Потанин В. Ф. (г. Курган)

Однажды на берегу Волги

Недавно, в своем Утятском, я пережил одну чудесную встречу. Мне привиделось, что я снова учусь в своем незабвенном Литературном институте, а самое главное, что я снова молод, снова полон сил и желаний. Но это, конечно, не все. Да, да… Самое чудное все-таки то, что я увидел себя в большой комнате нашего общежития, а за столом сидел писатель Юрий Селезнев. Это было почти как в кино: наше воображение порой вытворяет великие чудеса. Ну, конечно, конечно… И потому я мучительно вглядывался в это дорогое до боли лицо, а какой-то голос во мне все повторял: «Но как же, как же?.. Что за мираж? Ведь его уже нет на земле, а ты его видишь». И только прищурю глаза, а он снова рядом, рядом, можно ладонью дотронуться, можно даже о чем-то спросить. Но спросил первый он:

— Значит, условились? Я сейчас тебя буду экзаменовать… Выходит, обещанный роман ты так и не написал?

— Нет, нет…  — залепетал я смущенно и опустил глаза.

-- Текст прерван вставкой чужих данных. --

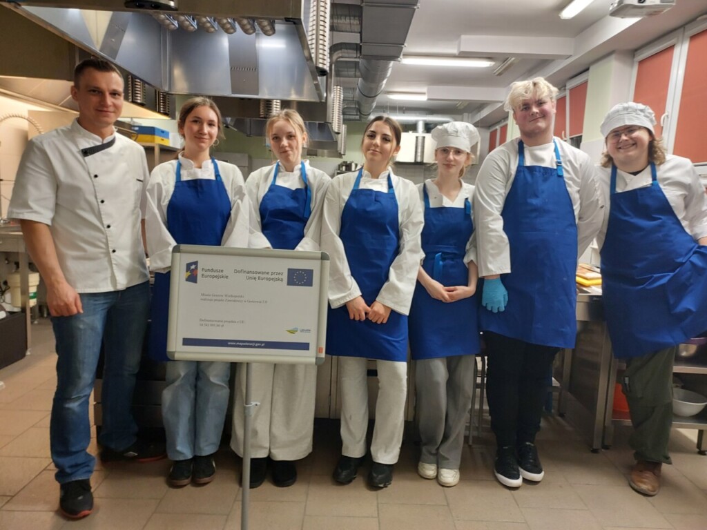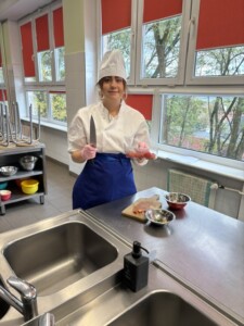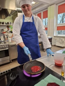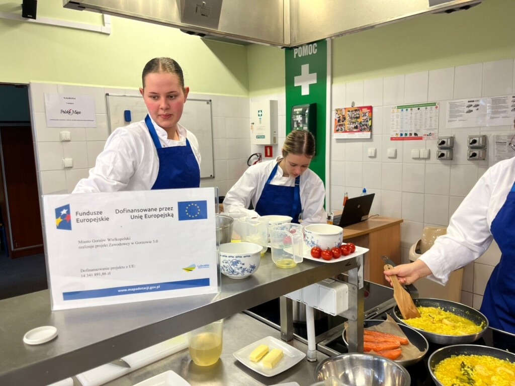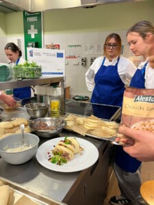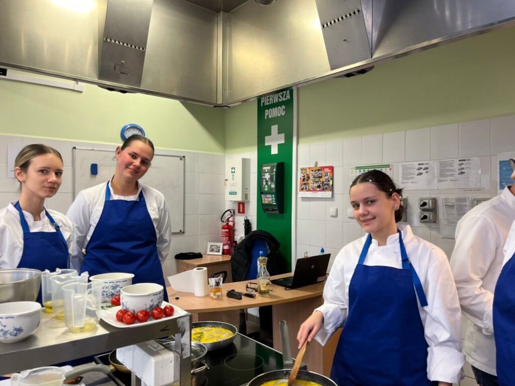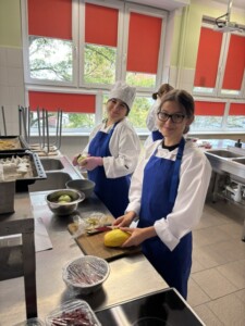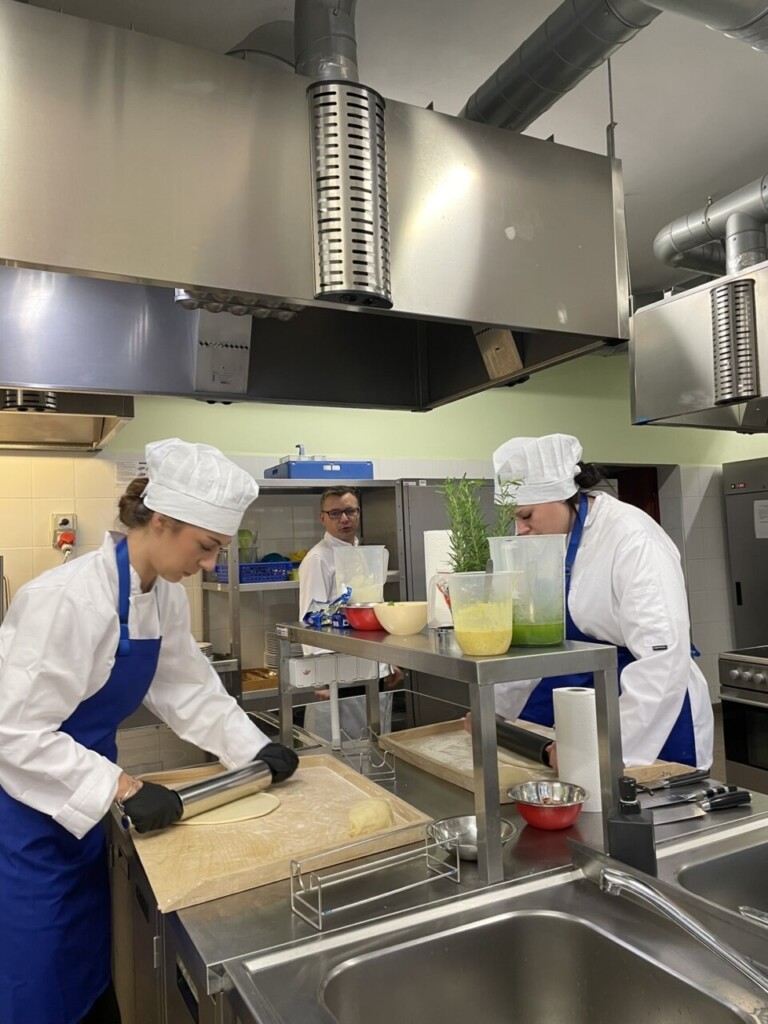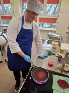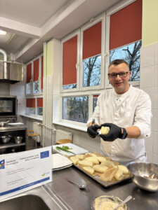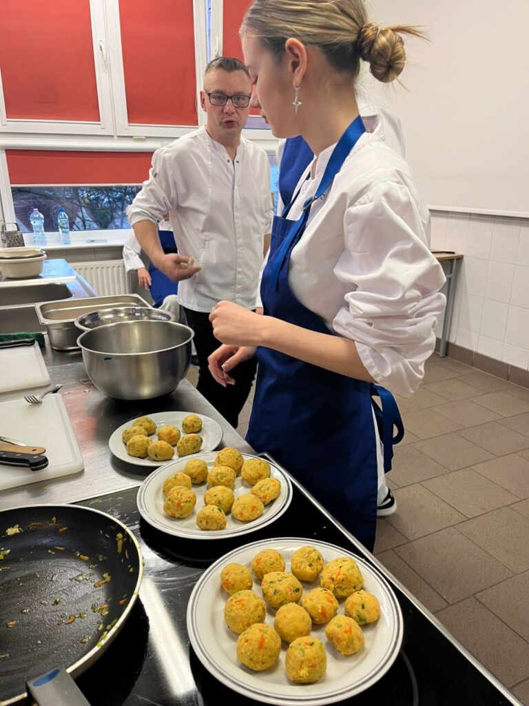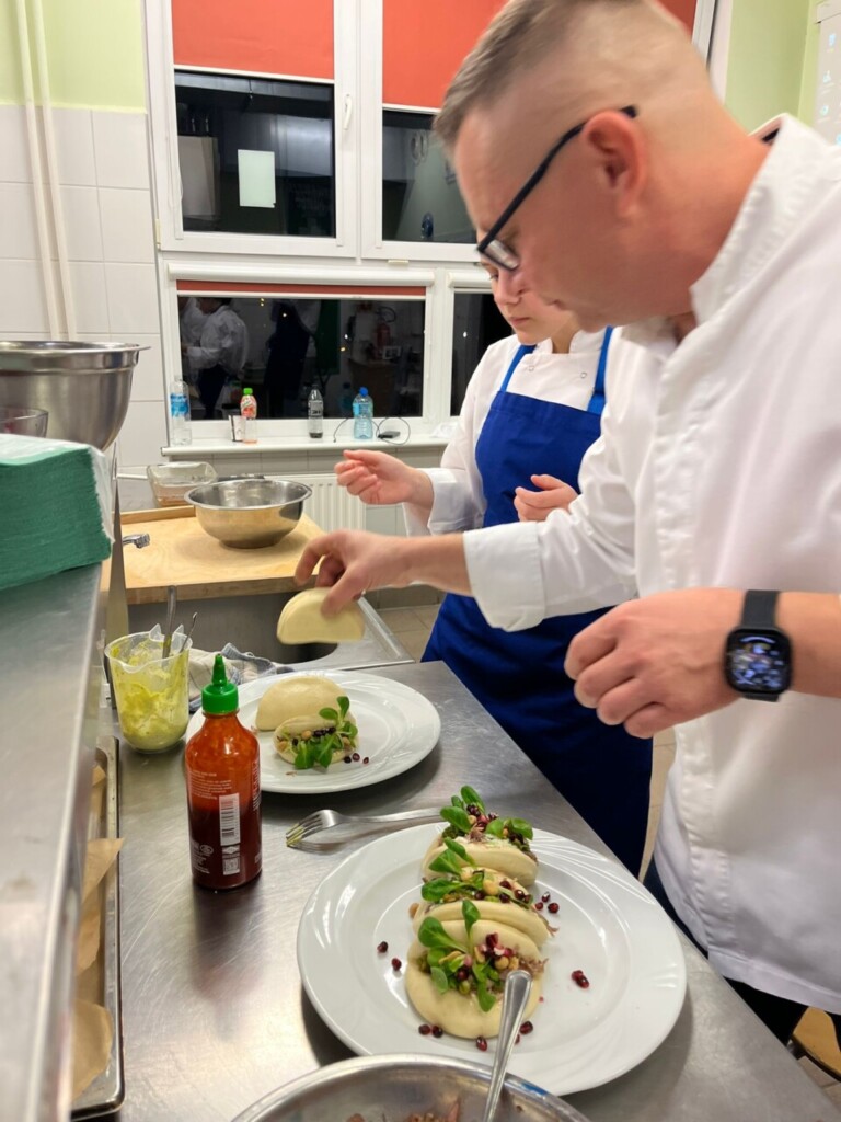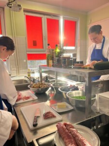 Podczas warsztatów kulinarnych uczestnicy zakwalifikowani do udziału w spotkaniach prowadzonych przez pana Michała Rejniaka – szefa kuchni i nauczyciela przedmiotów zawodowych, zmierzyli się z wymagającą tematyką pod hasłem „Kuchnie różnych narodów”.

— Плохо, милый, никуда не годится. Ты же обещал написать о своих сельских учителях. Это же кровь твоя, — неужели тебя не пугает?..

— А что должно напугать? — ответил я с вызовом, а он улыбнулся в ответ своей пронзительной детской улыбкой:

— Жизнь наша, пути наши должны напугать… — И вдруг добавил строго и наставительно: — Забывать мы стали своих пророков. Э-э, да что говорить. Вот прочти в моей будущей книге, как великий Федор Михайлович разговаривал с сирыми да убогими, как помогал им. Да, да… Часто последнюю денежку выложит, а что до чувств! — Он покачал головой. В его синих глазах мелькнула усталость. А может, печаль. И через секунду опять продолжал: — А учительство наше тоже сирое и убогое. Кто только над ним не командовал, кто только не обижал. Ты помоги ему распрямиться…

— Я? — вырвалось у меня с каким-то испугом.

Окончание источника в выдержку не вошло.